As per your discussion with MarkTG regarding the price of pharmaceuticals, in my estimation, that industry is utterly rank with corruption, having merged into a global governance body via WHO, the UN and nearly every nation’s government. Having polluted the minds and bodies of most people as masses are diagnosed with attention deficit disorders and depression, they have specifically gone to bed with members of Congress to disassemble our Constitutional Republic into statism.
I do not approve of the ways that American businesses have become global corporations with no allegiance to any people and no allegiance to the US Constitution, outsourcing and assassinating “American” businesses.

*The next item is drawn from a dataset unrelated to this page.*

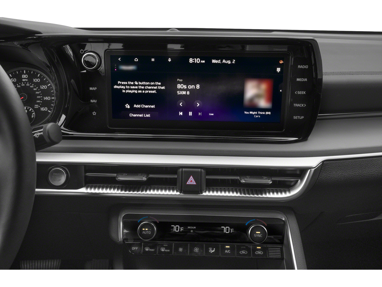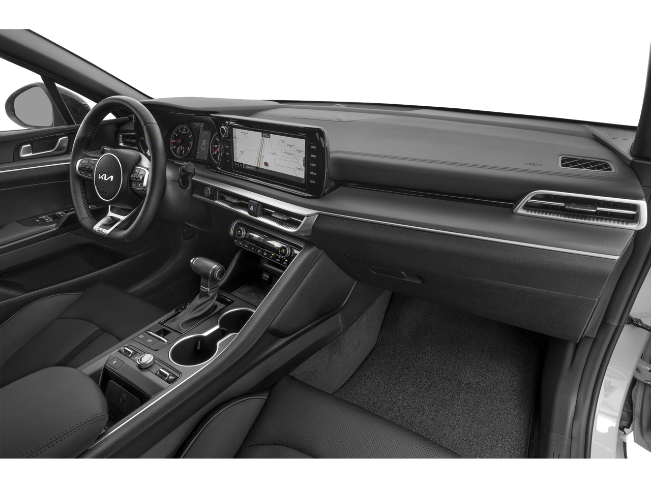 Romeo Kia proudly presents this 2023 Kia K5 with GT-Line Panoramic Sunroof Package (Gloss Black Pillar & Door Frame Cover, LED Interior Lighting, and Panoramic Sunroof), GT-Line Premium Package (Forward Collision Avoidance-Assist, Highway Driving Assist, LED Projection Headlamps, and Smart Cruise Control w/Stop & Go), 4-Wheel Disc Brakes, 6 Speakers, ABS brakes, Air Conditioning, Alloy wheels, AM/FM radio: SiriusXM, Apple CarPlay & Android Auto, Auto High-beam Headlights, Automatic temperature control, Brake assist, Bumpers: body-color, Cargo Mat, Cargo Net, Carpeted Floor Mats, Cloth/SynTex Seat Trim, Delay-off headlights, Driver door bin, Driver vanity mirror, Dual front impact airbags, Dual front side impact airbags, Electronic Stability Control, Four wheel independent suspension, Front anti-roll bar, Front Bucket Seats, Front Center Armrest, Front dual zone A/C, Front fog lights, Front reading lights, Fully automatic headlights, Heated door mirrors, Heated Front Bucket Seats, Heated front seats, Heated steering wheel, Illuminated entry, Knee airbag, Low tire pressure warning, Mud Guards, Navigation System, Occupant sensing airbag, Outside temperature display, Overhead airbag, Overhead console, Panic alarm, Passenger door bin, Passenger vanity mirror, Power door mirrors, Power driver seat, Power steering, Power windows, Radio data system, Radio: AM/FM/MP3 Audio System, Rear anti-roll bar, Rear seat center armrest, Rear side impact airbag, Rear window defroster, Remote keyless entry, Security system, Speed control, Speed-sensing steering, Split folding rear seat, Spoiler, Sport steering wheel, Steering wheel mounted audio controls, Tachometer, Telescoping steering wheel, Tilt steering wheel, Traction control, Trip computer, Trunk Cargo Management System, Turn signal indicator mirrors, Variably intermittent wipers, Wheel Locks, and Wheels: 18 Gloss Black Machined Finish Alloy.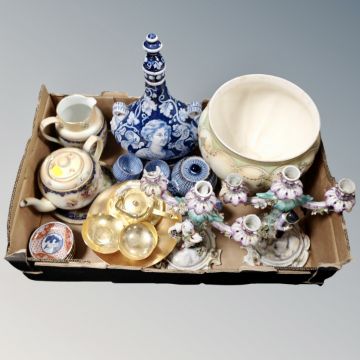 A box containing assorted antique and later ceramics, Japanese tea ware, continental figural candlesticks, gold plated teaware.

In the case of your argument, the pharmaceutical industry is motivated to make fortunes most frequently by promoting chemical dependency in the multitudes of people consuming the drugs containing worse side effects than promised relief. By “most,” I specifically reference all of the Rx ads barraging the public on television, radio, internet and publications including junk mail. Allow me to point out for instance, that antivirals are what people need more of, not vaccines that “prevent” viral infection but activate the body’s immune system to actually succumb to the viral attack. Knowing this, the only reason the industry opts to develop vaccines rather than antivirals is for the easier profit as vaccination campaigns are massively distributed compared to antiviral application on the “as needed” basis. The Pharmaceutical industry is as corrupt as our government is. Both organizations have extorted life savings and actual blood from citizens become victim of abuse. Corruption must be brought to an end.
maverick muse on December 16, 2009 at 3:53 PM
bones47, the Dean of the Harvard School of Medicine warns everyone of the adverse neurological affects that every drug induces. He eschews the marketing ploy of pharmaceutical promotional ads that our federal trade commission takes kickbacks for having permitted on our public airwaves. “Ask your doctor for xyz; you deserve it.”
maverick muse on December 16, 2009 at 4:00 PM
malclave on December 16, 2009 at 3:48 PM
Anal retentive brittle bitter men kick the dog.
maverick muse on December 16, 2009 at 4:01 PM
Here I thought you were speaking in hyperbole. It’s absurd to say that an actual theft is taking place.
NorthernCross on December 16, 2009 at 2:47 PM
You are correct. In the current context, what is taking place is not (yet) a theft. What is taking place is this: If the pharma companies refuse to sell to the canadian govt at a less-than-market price, the canadian govt is THREATENING to steal the intellectual property of said pharma companies. This is more akin to extortion. Are you really trying to justify this by denying a particular crime (theft), or any crime at all? I ask, because it’s obvious you are in fact trying to justify it.